Analytical game strategies for active UAV defense considering response delays

Abstract

In the realm of aerial warfare, the protection of Unmanned Aerial Vehicles (UAVs) against adversarial threats is crucial. In order to balance the impact of response delays and the demand for onboard applications, this paper derives three analytical game strategies for the active defense of UAVs from differential game theory, accommodating the first-order dynamic delays. The targeted UAV executes evasive maneuvers and launches a defending missile to intercept the attacking missile, which constitutes a UAV-Missile-Defender (UMD) three-body game problem. We explore two distinct operational paradigms: the first involves the UAV and the defender working collaboratively to intercept the incoming threat, while the second prioritizes UAV self-preservation, with independent maneuvering away from potentially sacrificial engagements.

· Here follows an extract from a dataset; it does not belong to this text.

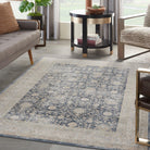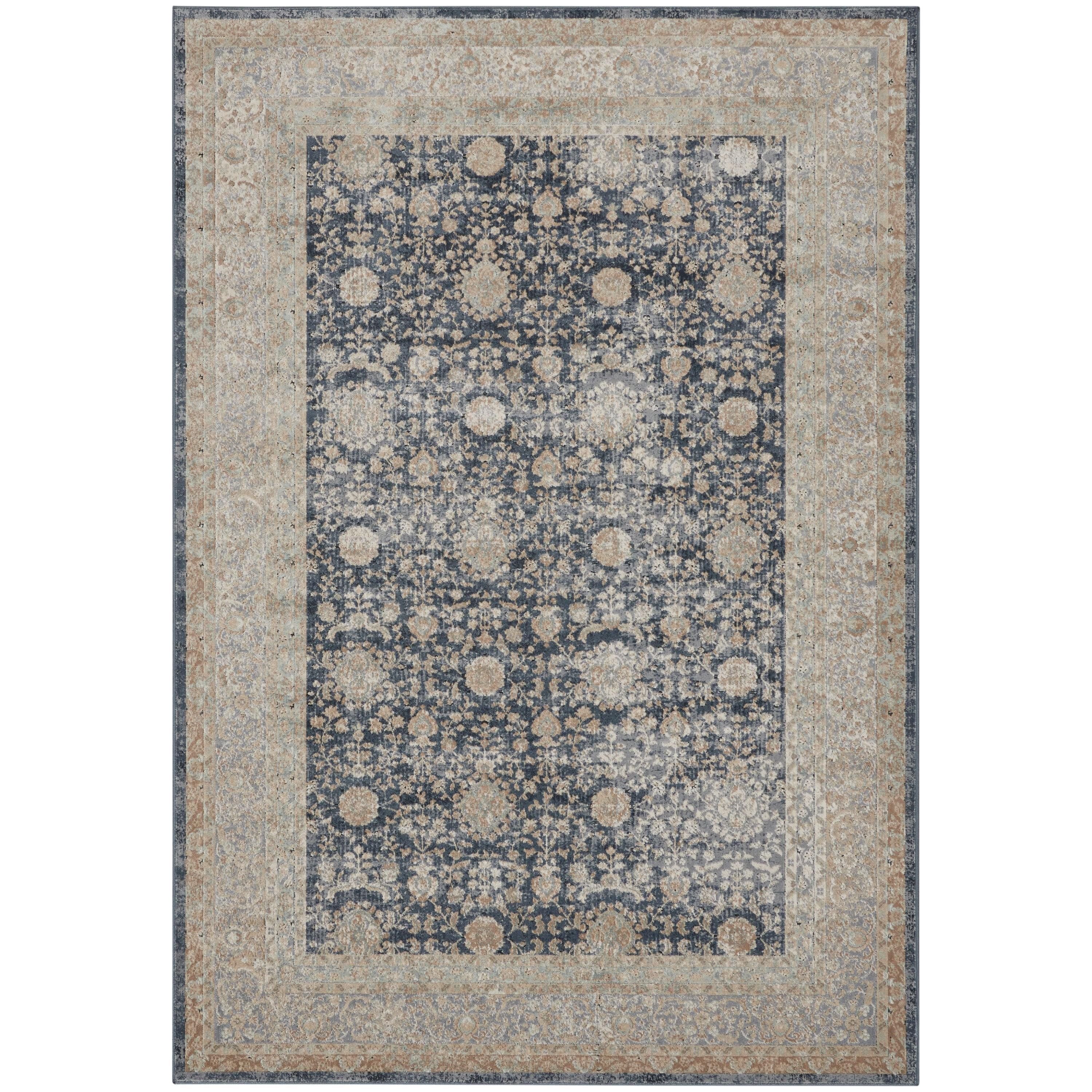 KI25 Malta MAI07 Navy area rug, a captivating piece in shades of navy, gold, cream, and crimson. The intricate old world floral and botanical design exudes an enchanting charm that is hard to resist. Crafted from low-maintenance fibers with a textured finish, this rug has been delicately washed to achieve a stunning antique effect.
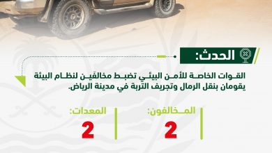 صراحة – الرياض: ضبطت القوات الخاصة للأمن البيئي مخالفَين لنظام البيئة يقومان بنقل الرمال وتجريف التربة دون تصريح في مدينة…

Starting with model linearization and order reduction, the Collaborative Interception Strategy (CIS) is first derived via a linear quadratic differential game formulation. Building upon CIS, we further explore two distinct strategies: the Informed Defender Interception Strategy (IDIS), which utilizes UAV maneuvering information, and the Unassisted Defender Interception Strategy (UDIS), which does not rely on UAV maneuvering information. Additionally, we investigate the conditions for the existence of saddle point solutions and their relationship with vehicle maneuverability and response agility. The simulations demonstrate the effectiveness and advantages of the proposed strategies.